1. Die Überschreitung der zulässigen Höchstgeschwindigkeit von 100 km/h auf einer BAB um mindestens 45 km/h ist als zumindest „bedingt“ vorsätzlich zu qualifizieren.

2. Dass dem Betroffenen der Umfang einer Geschwindigkeitsüberschreitung von mindestens 45 km/h ggf. nicht exakt bekannt war, steht der Annahme von (bedingtem) Vorsatz nicht entgegen. Denn die Differenz zwischen erlaubter und tatsächlich gefahrener Geschwindigkeit ist in diesem Fall so erheblich, dass jeder Kraftfahrer merken musste, dass er nicht nur zu schnell, sondern erheblich zu schnell fuhr.

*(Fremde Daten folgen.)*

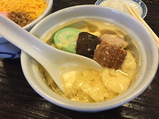 定食包括一碗茶碗蒸及三色飯,賣相非常靚。主角茶碗蒸好幼滑,表面同中間都無氣泡,成碗都蒸得好靚。入口更加不得了,蒸蛋雖然呈固體狀,但佢嘅柔軟度直情近似於濃湯。入口即化,蛋液自然滑入喉嚨,口感就好似薑汁撞奶一樣。食得出蒸蛋用上好多高湯,湯頭非常鮮味濃郁,無添加過份調味。加上好多高級配料,如白肉魚、雞肉、香菇、木耳、蝦、銀杏、魚板、烤星鰻等,非常豐富。無諗過茶碗蒸可以如此講究,如此美味。至於三色飯,三色配料係蛋絲、櫻花蝦鬆同雞肉鬆。賣相吸引不在話下,仲相當好味。味道偏甜,正好下飯。
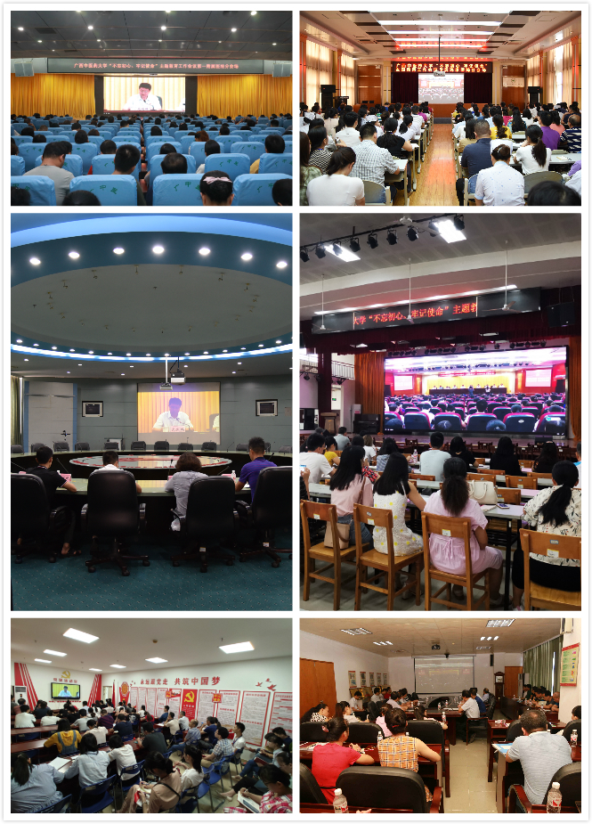 学校在家校领导、党委委员、纪委委员,部分老领导,学校党员干部,学校主题教育指导组成员,全校党支部书记,全校辅导员,民主党派负责人等共500余人参加会议。同时,仙葫校区大学生活动中心、明秀校区、第一附属医院、附属瑞康医院、附属国际壮医医院、制药厂设立分会场,近两千名师生观看大会同步直播。
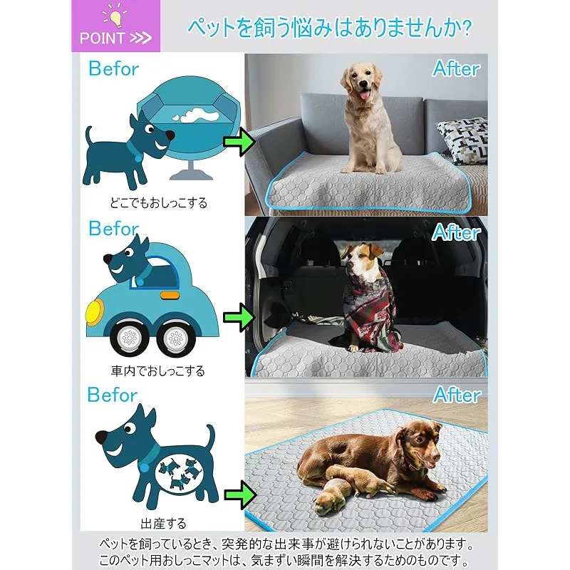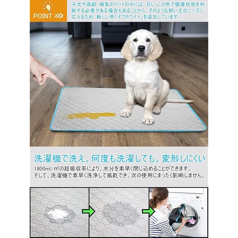 【繰り返し利用可能】一回使い捨てのおしっこシートよりもっと経済的で環境にやさしく。このペット用おしっこマットは柔らかく耐用性がよく、お手入れも簡単で、洗濯機に入れて洗えます。何度も洗濯しても、壊しにくい。速乾性がよく、繰り返し使用できます。折り畳み可能なので収納も便利です。(柔軟剤、および漂白剤の使用はお控えください) ??
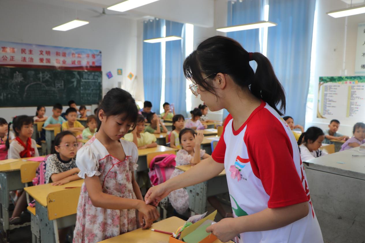 (圖為在課堂上志愿者獎勵孩子貼紙)
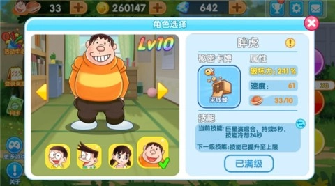 5、每个角色都拥有专属技能,比如大雄的技能是可以复活一次。
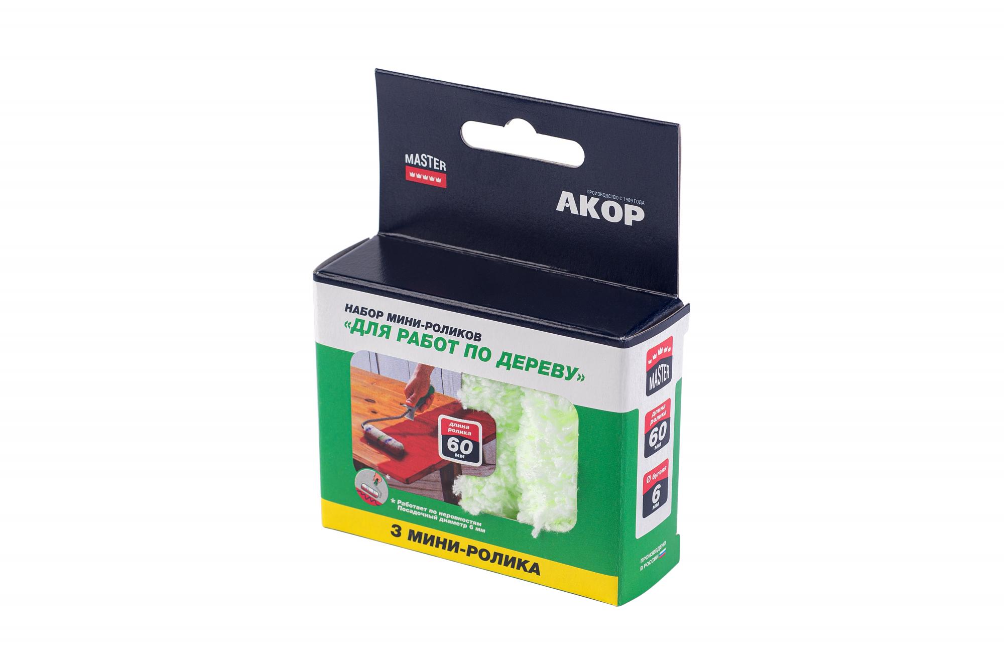 Набор мини-роликов "Для работ по Дереву" 60 мм, SELF BOX 3 шт "Акор"
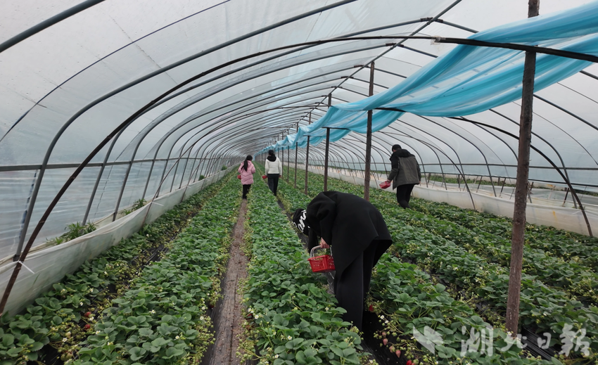 除夕,黄冈市黄州区堵城镇叶路洲余岭村春雨点点,一座座大棚里草莓飘香。浙江籍草莓园老板徐玲燕手把手指导游客采摘:“摘这样的大果、红果,沿莓蒂果柄留手指甲盖长掐断,保鲜更久!”翠绿藤蔓间,颗颗草莓鲜红饱满,恰似串串灯笼。这已是徐玲燕、汪玉鸿夫妇扎根黄州种草莓的第8个年头。春节假期,是他们一年中最忙碌、也最喜悦的时光。
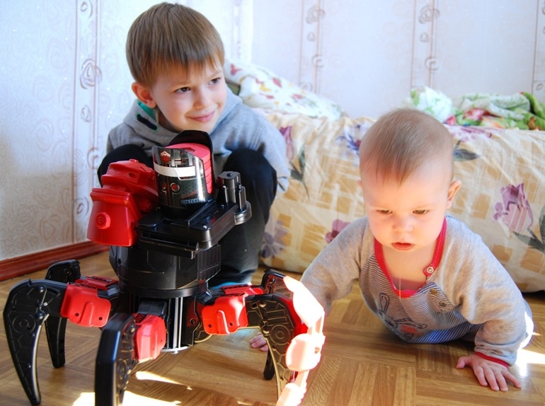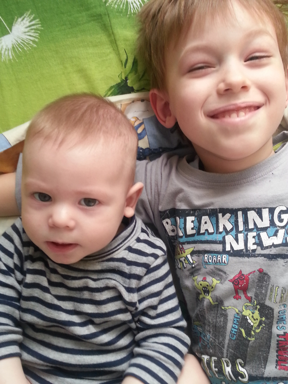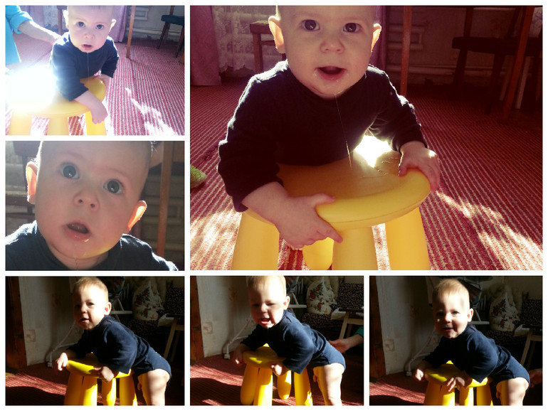 Вчера( 26.03.2014) уехала моя сестра,которая гостила унас неделю и видно с расстройства Захарик сел) Всю неделю его носили на руках и практически не спускали на пол. А тут оставшись наеде с матерью у которой куча дел и которая если честно малость расслабилась за эту неделю ребенок прямо таки расстроился. Весь день хныкал и нечто не могло его успокоить не брат, не любимая зубная щётка. И вот отправился он на пол громить железную дорогу которую брат собирал, ну и полз полз, резко остановился и бухнулся на попу от неожиданности сам замер, посидел минутки 3 повернулся на бок и пополз. Ну а сегодня уже прямо таки с утра тренируется чуть проползёт сядет, посидит дальше ползёт. Ну и сегодня дополз до кресла и встал ( в полный рост) Недельки 2-3 он вставал буквой Г, ну то есть,если я лежу на кровать он подползает на живот опирается и встаёт, но это я как то за настоящий подъём не засчитывала)
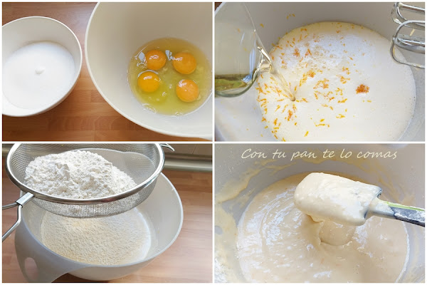 1. Batir los huevos con el azúcar. Se puede hacer con varillas eléctricas o a mano.
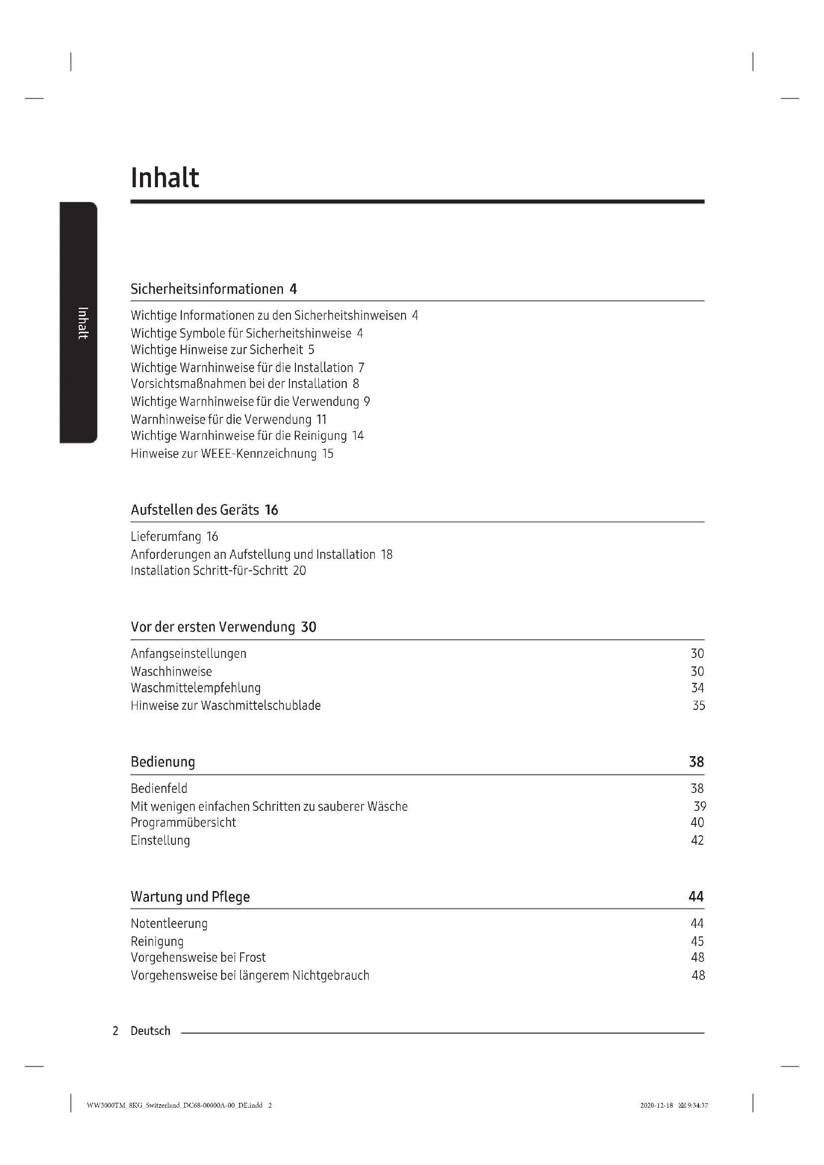 - Andernfalls besteht die Gefahr eines Stromschlags oder Brands aufgrund von Fehlströmen. WW3000TM_8KG_Switzerland_DC68-00000A-00_DE.indd 8WW3000TM_8KG_Switzerland_DC68-00000A-00_DE.indd 8 2020-12-18 9:34:392020-12-18 9:34:39Deutsch 9 Sicherheitsinformationen Stellen Sie Ihr Gerät auf einem festen und ebenen Untergrund auf, der das Gewicht tragen kann.
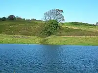 Blaeu's map of 1684, pbased on Timothy Pont's map of circa 1604, names a 'Loch of Hill' and Roy's map of circa 1747 shows two small lochs, with the outflow of the western loch running down to the Muir Burn and then into the Roebank Burn.[2] Thomson's map of 1832 shows a single loch lying below Lows Farm and draining east into the Dusk water.[3] OS maps of the 1850s do not indicate open water and a discreet clump of trees suggests a small island.[4]
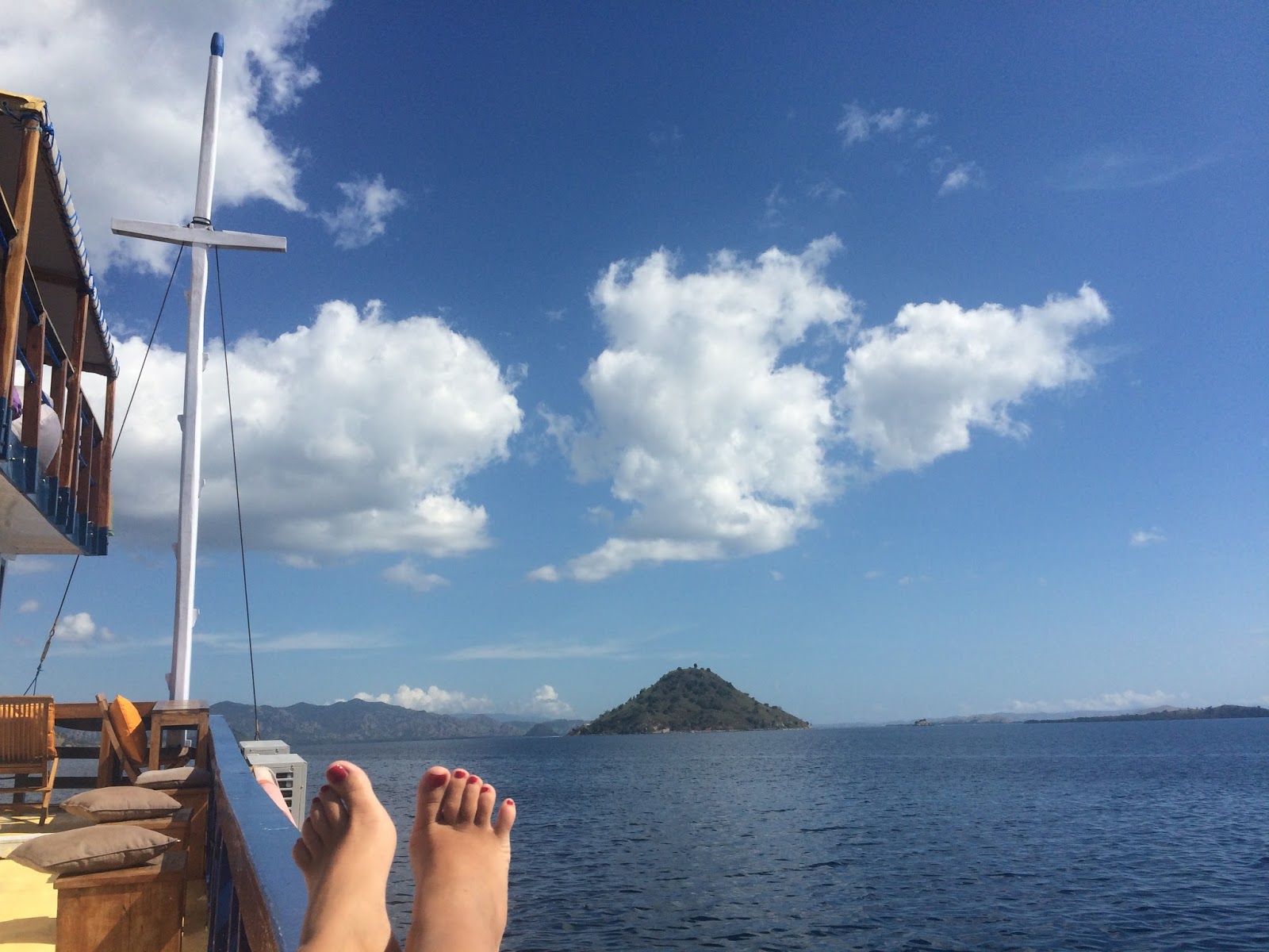 Völlig gerädert steigen wir auf die riesige Personen- und Autofähre von Sape nach Labuan Bajo auf der Insel Flores. Eigentlich wollten wir auf den Komodo Inseln übernachten, doch das ist leider nicht möglich – jetzt werden wir erstmal an ihnen vorbei fahren. Von Sape aus gibt es sowieso keine Touristentouren zu den Komodo Inseln. Wir wollen aber unbedingt dorthin, um dort auf Komodo oder Rinca die Komodo Dragons zu sehen – die Komodowarane, bei den Einheimischen bekannt als die Komodo Drachen (oder einfach nur “dragons” (Drachen)). Auf der 8-stündigen Überfahrt suchen wir uns jeder eine Holzbank mit Blick aufs Meer und dösen schnell ein.
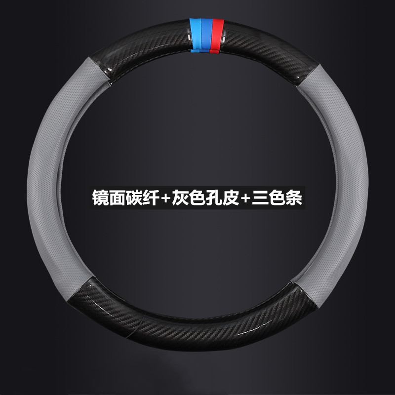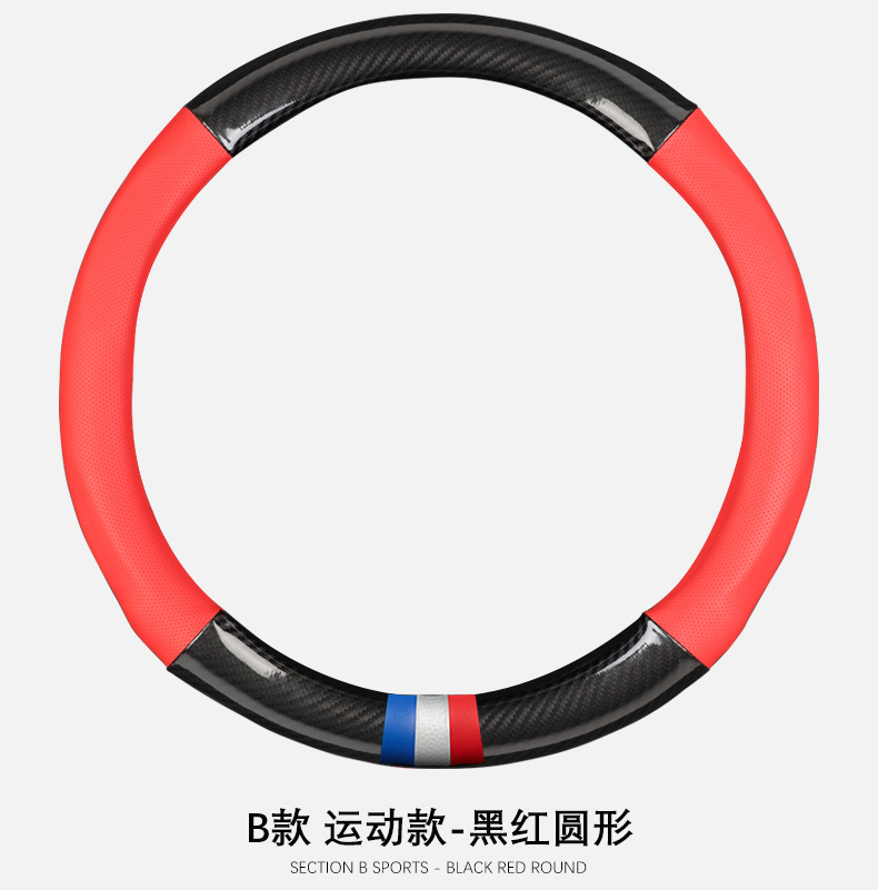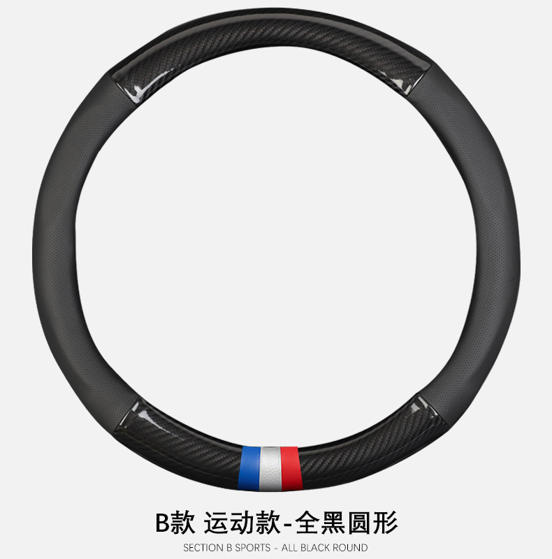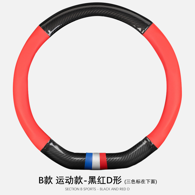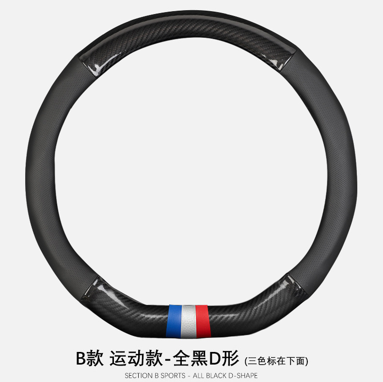 • 거울 탄소 섬유 + 검정색 천공 가죽 + 빨간색, 흰색 및 파란색 3색 스트립 [D 모양]
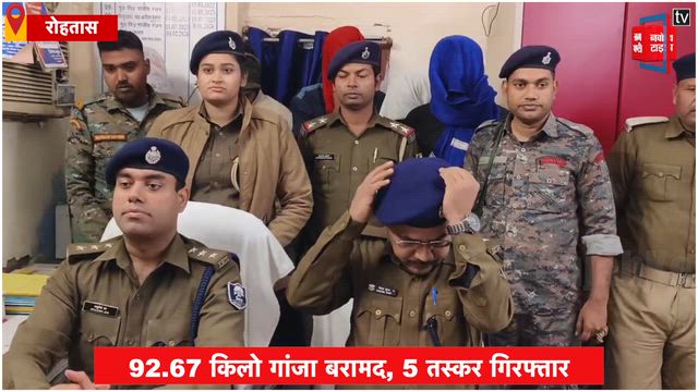 रोहतास पुलिस की बड़ी कार्रवाई, 92.67 किलो गांजा बरामद, 5 तस्कर गिरफ्तार
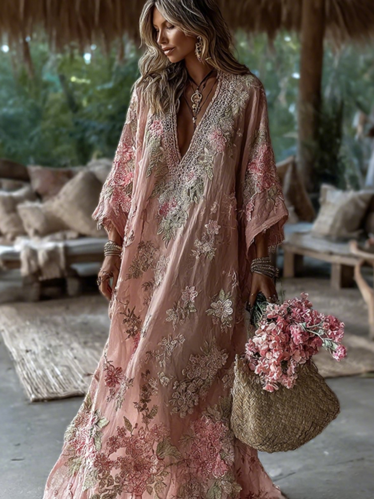 Women’s Vintage Pink Floral Art V Neck Long Sleeve Maxi Dress

Erfolgt die Geschwindigkeitsbestimmung mittels des Messgerätes ProVida 2000 modular durch eine Zeit-/Wegstreckenmessung und eine manuelle Berechnung der Geschwindigkeit durch nachträgliche Auswertung des Videomaterials, sind die spezifischen Toleranzwerte für Zeit- (plus 0,1 % der gemessenen Zeit vermehrt um 0,02 s) und Wegstreckenmessungen (abzüglich 4 % des gemessenen Wegs, mindestens aber 4 m) anzuwenden.